- _WHAT NEEDS TO BE DONE_: An exact reproduction is required of the lines from the beginning of the entries through the line with "Invierno Engrosado Blanco", pictures excluded and nothing added.
-------- STORED DATA
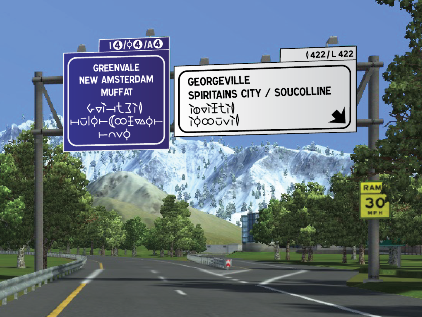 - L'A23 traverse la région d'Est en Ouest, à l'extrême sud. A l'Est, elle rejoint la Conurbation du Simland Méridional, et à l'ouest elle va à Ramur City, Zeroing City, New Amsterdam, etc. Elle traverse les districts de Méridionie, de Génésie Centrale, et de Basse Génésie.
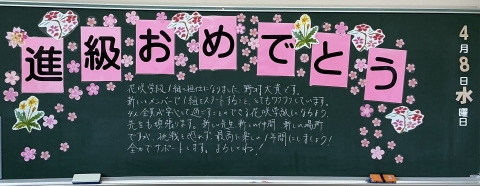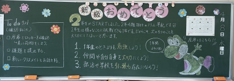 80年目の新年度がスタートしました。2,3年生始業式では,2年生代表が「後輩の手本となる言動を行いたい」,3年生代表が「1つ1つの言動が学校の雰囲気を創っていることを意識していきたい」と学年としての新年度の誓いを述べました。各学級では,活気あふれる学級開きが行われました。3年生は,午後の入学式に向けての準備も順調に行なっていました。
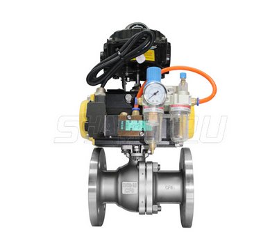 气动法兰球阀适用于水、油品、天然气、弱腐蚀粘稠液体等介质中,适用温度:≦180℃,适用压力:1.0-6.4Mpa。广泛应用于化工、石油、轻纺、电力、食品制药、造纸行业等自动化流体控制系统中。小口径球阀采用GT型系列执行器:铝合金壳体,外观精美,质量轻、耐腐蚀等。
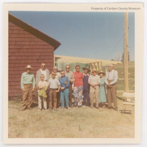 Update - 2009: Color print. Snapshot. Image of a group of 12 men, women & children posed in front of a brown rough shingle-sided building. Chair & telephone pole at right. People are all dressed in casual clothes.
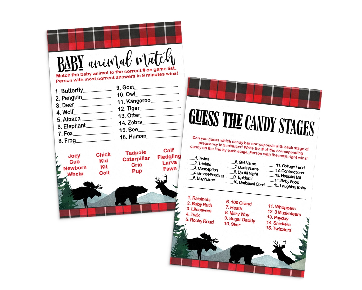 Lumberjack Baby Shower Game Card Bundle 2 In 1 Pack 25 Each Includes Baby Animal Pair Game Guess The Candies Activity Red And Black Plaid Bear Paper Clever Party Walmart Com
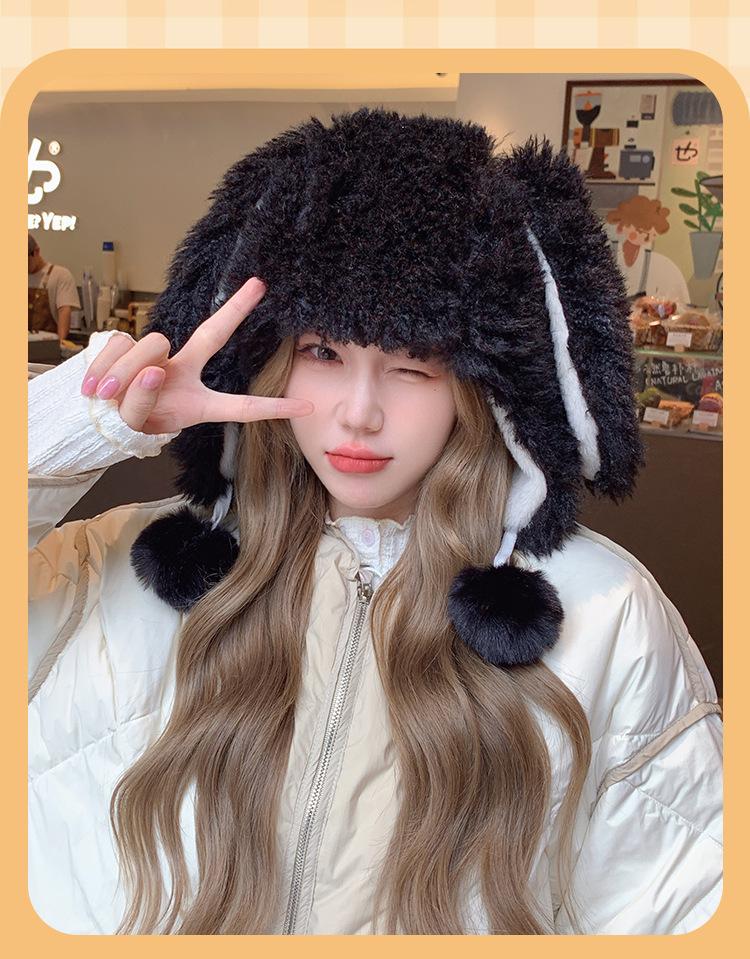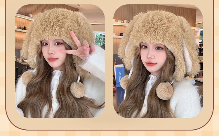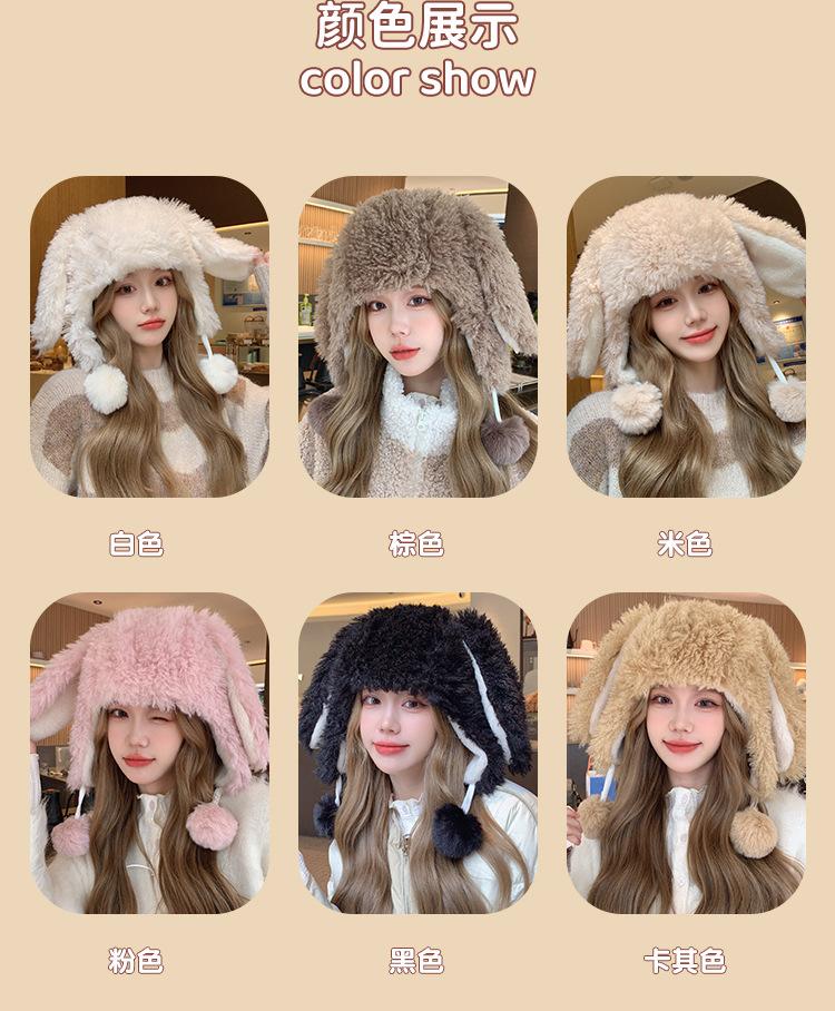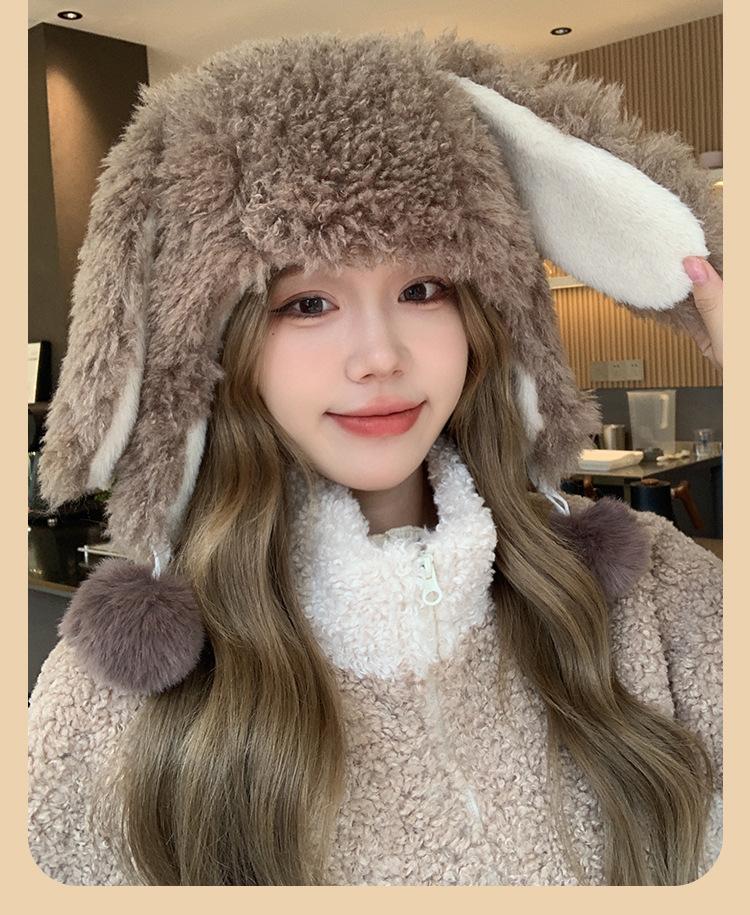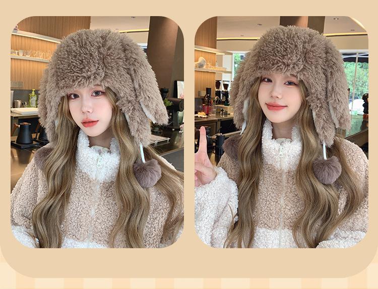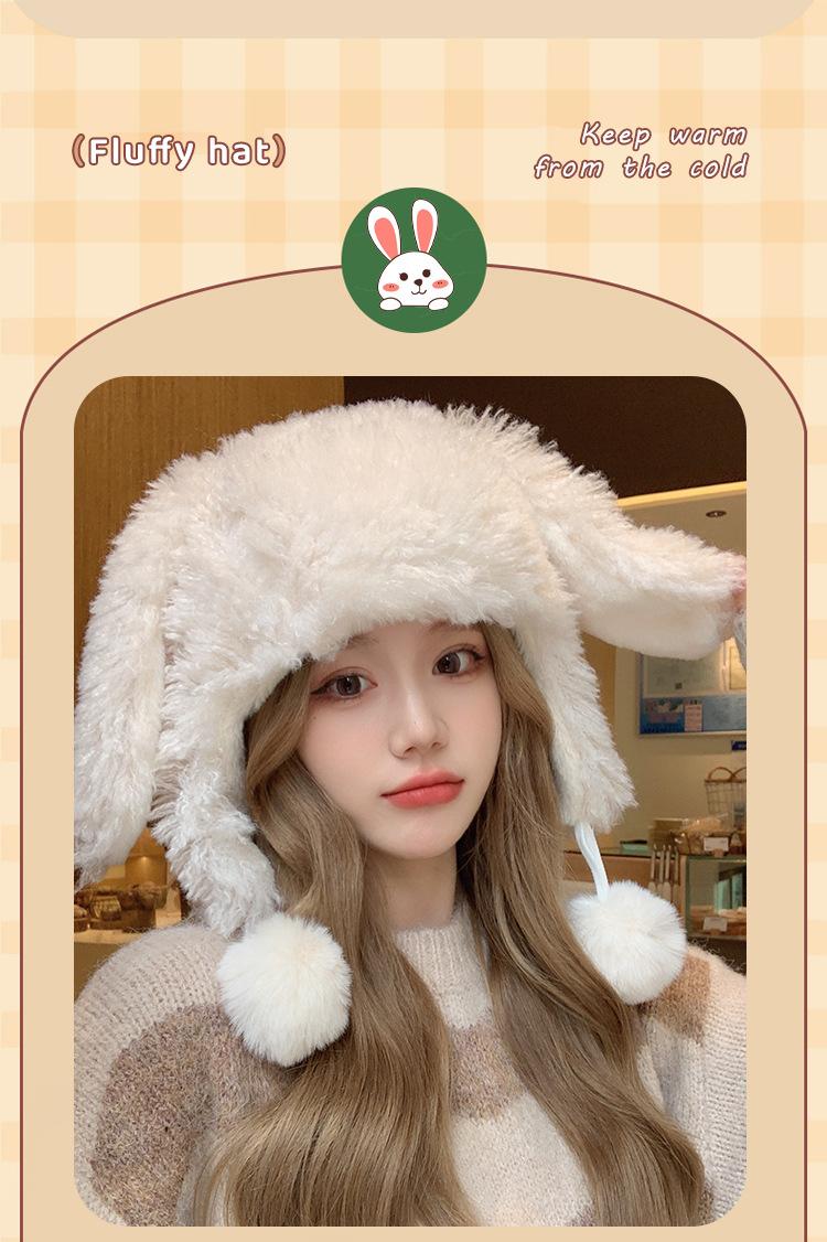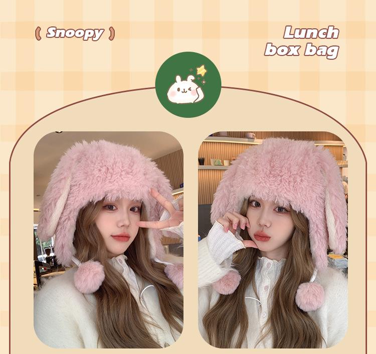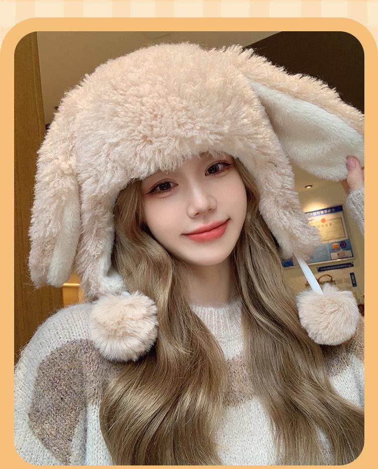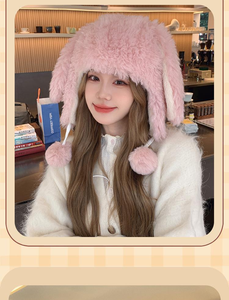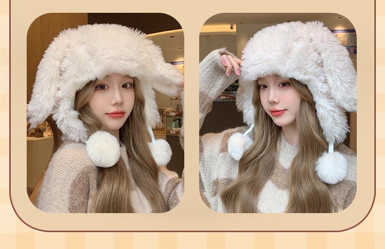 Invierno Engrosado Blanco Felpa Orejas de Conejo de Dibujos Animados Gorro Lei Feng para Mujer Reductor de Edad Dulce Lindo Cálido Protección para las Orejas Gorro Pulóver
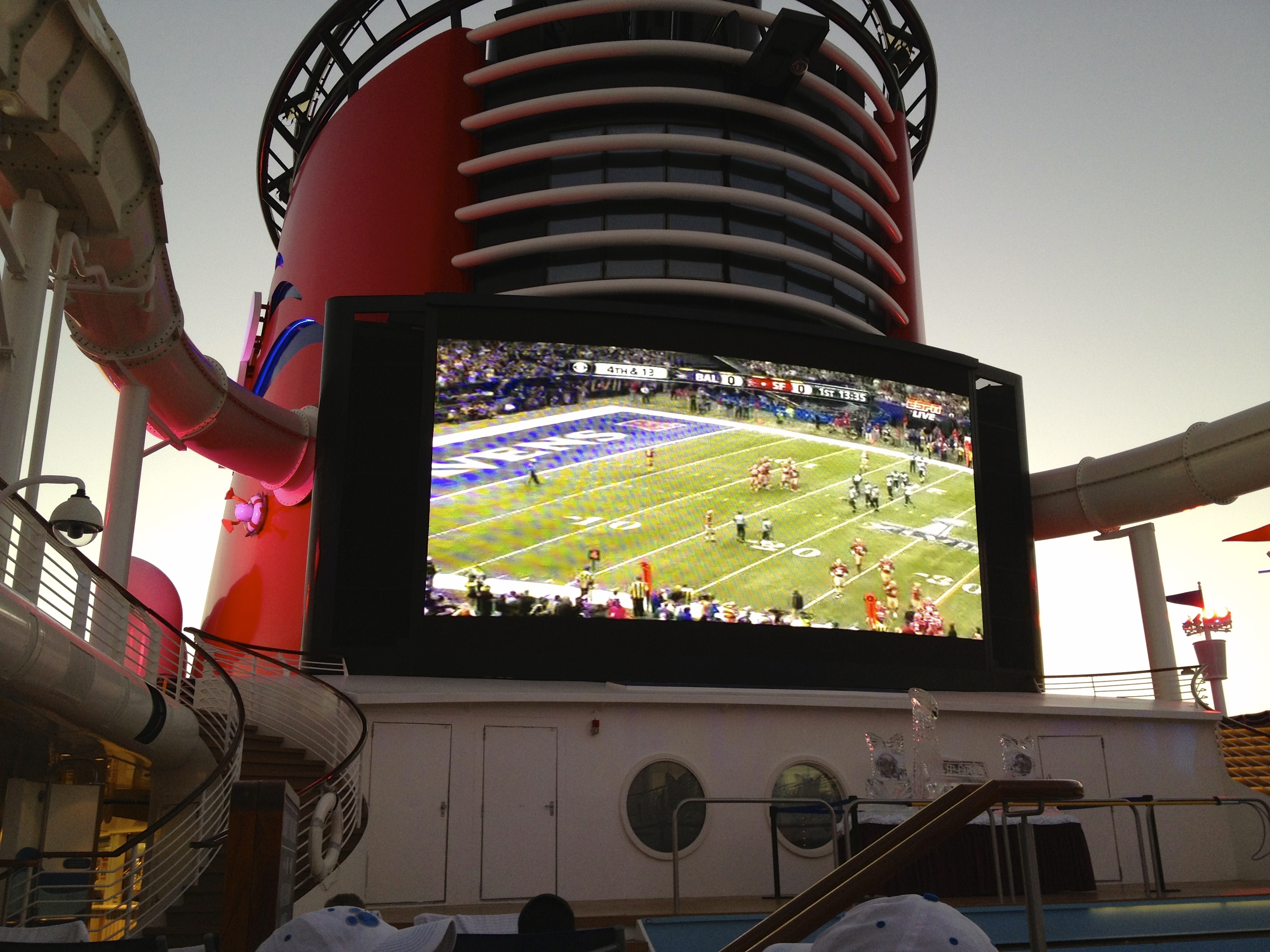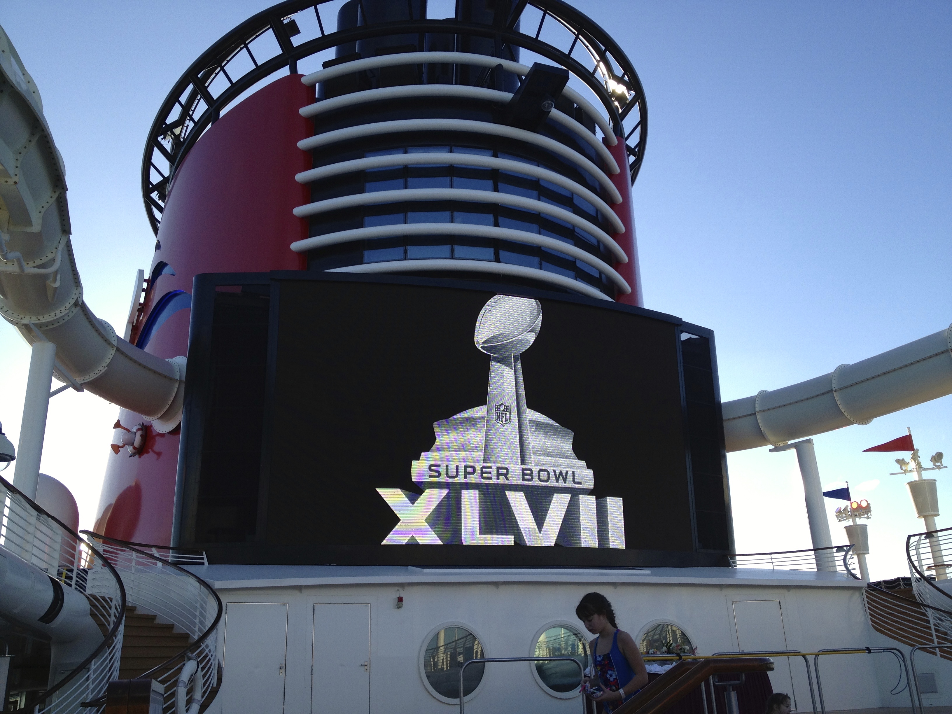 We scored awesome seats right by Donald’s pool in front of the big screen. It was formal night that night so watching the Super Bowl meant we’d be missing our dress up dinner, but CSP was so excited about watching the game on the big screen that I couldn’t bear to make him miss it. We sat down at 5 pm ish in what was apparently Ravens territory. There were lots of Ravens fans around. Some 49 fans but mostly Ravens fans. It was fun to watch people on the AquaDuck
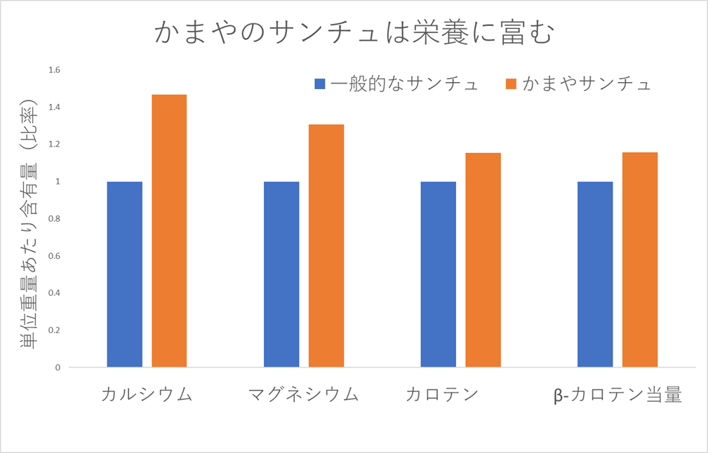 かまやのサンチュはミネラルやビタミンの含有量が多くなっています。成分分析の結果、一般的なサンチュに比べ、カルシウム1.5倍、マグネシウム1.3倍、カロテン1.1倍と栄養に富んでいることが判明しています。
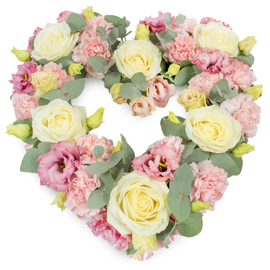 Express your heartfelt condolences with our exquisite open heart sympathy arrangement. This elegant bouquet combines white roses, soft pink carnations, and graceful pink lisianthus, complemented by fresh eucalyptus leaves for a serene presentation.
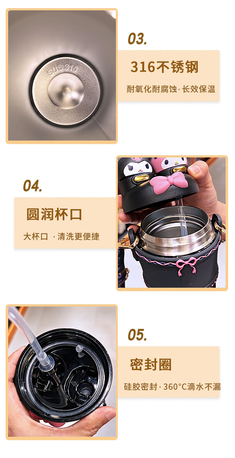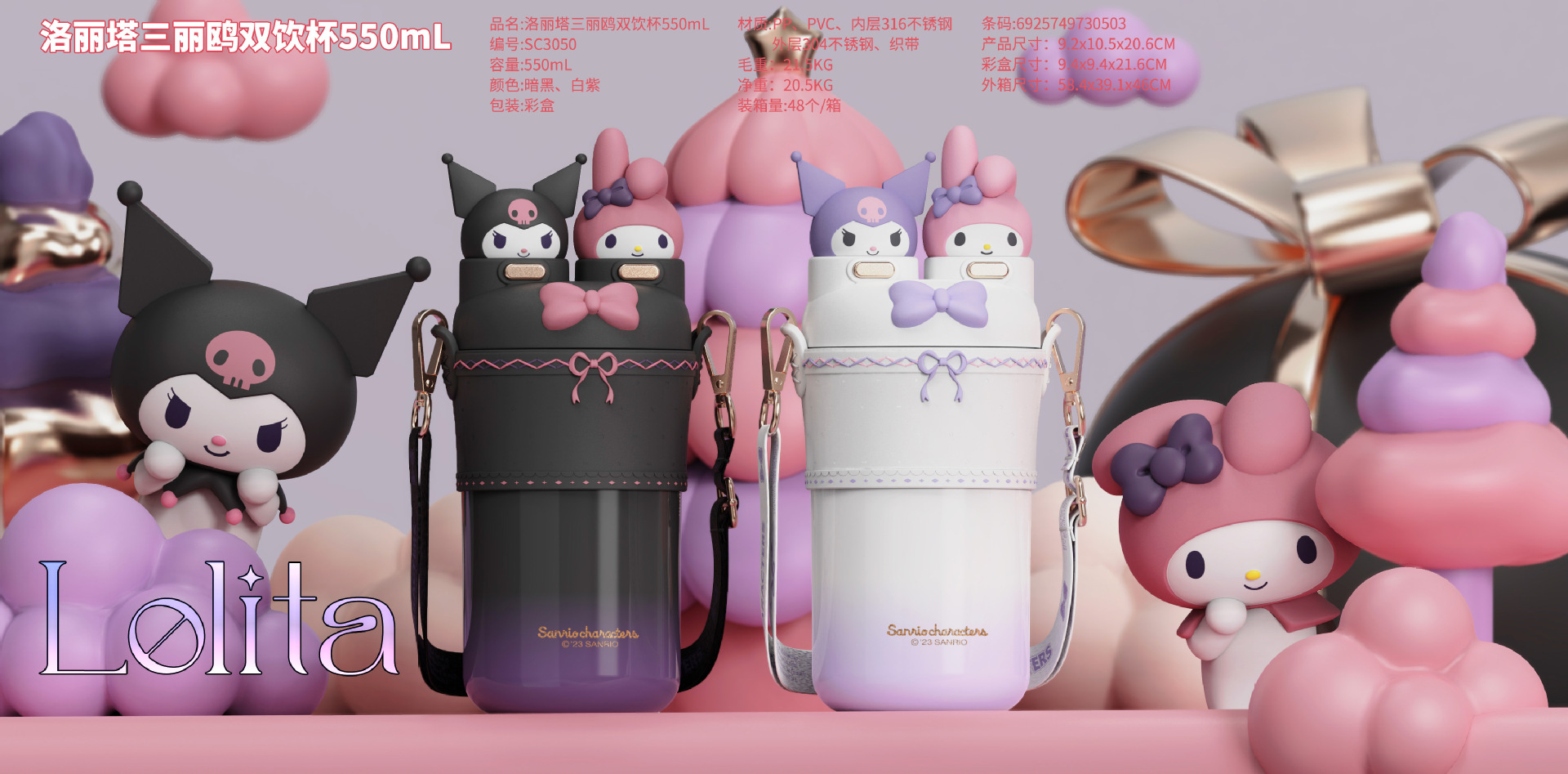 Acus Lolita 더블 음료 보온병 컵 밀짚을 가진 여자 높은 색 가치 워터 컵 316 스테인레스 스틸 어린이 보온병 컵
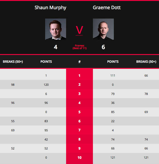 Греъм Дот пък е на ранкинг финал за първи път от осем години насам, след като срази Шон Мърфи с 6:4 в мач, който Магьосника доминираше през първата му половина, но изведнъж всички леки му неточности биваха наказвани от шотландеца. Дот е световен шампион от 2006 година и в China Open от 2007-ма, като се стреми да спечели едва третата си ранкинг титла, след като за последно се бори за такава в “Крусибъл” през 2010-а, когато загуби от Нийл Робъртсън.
----------------
- _EXERCISE RESULT_:
 - L'A23 traverse la région d'Est en Ouest, à l'extrême sud. A l'Est, elle rejoint la Conurbation du Simland Méridional, et à l'ouest elle va à Ramur City, Zeroing City, New Amsterdam, etc. Elle traverse les districts de Méridionie, de Génésie Centrale, et de Basse Génésie.
 80年目の新年度がスタートしました。2,3年生始業式では,2年生代表が「後輩の手本となる言動を行いたい」,3年生代表が「1つ1つの言動が学校の雰囲気を創っていることを意識していきたい」と学年としての新年度の誓いを述べました。各学級では,活気あふれる学級開きが行われました。3年生は,午後の入学式に向けての準備も順調に行なっていました。
 气动法兰球阀适用于水、油品、天然气、弱腐蚀粘稠液体等介质中,适用温度:≦180℃,适用压力:1.0-6.4Mpa。广泛应用于化工、石油、轻纺、电力、食品制药、造纸行业等自动化流体控制系统中。小口径球阀采用GT型系列执行器:铝合金壳体,外观精美,质量轻、耐腐蚀等。
 Update - 2009: Color print. Snapshot. Image of a group of 12 men, women & children posed in front of a brown rough shingle-sided building. Chair & telephone pole at right. People are all dressed in casual clothes.
 Lumberjack Baby Shower Game Card Bundle 2 In 1 Pack 25 Each Includes Baby Animal Pair Game Guess The Candies Activity Red And Black Plaid Bear Paper Clever Party Walmart Com
 Invierno Engrosado Blanco Felpa Orejas de Conejo de Dibujos Animados Gorro Lei Feng para Mujer Reductor de Edad Dulce Lindo Cálido Protección para las Orejas Gorro Pulóver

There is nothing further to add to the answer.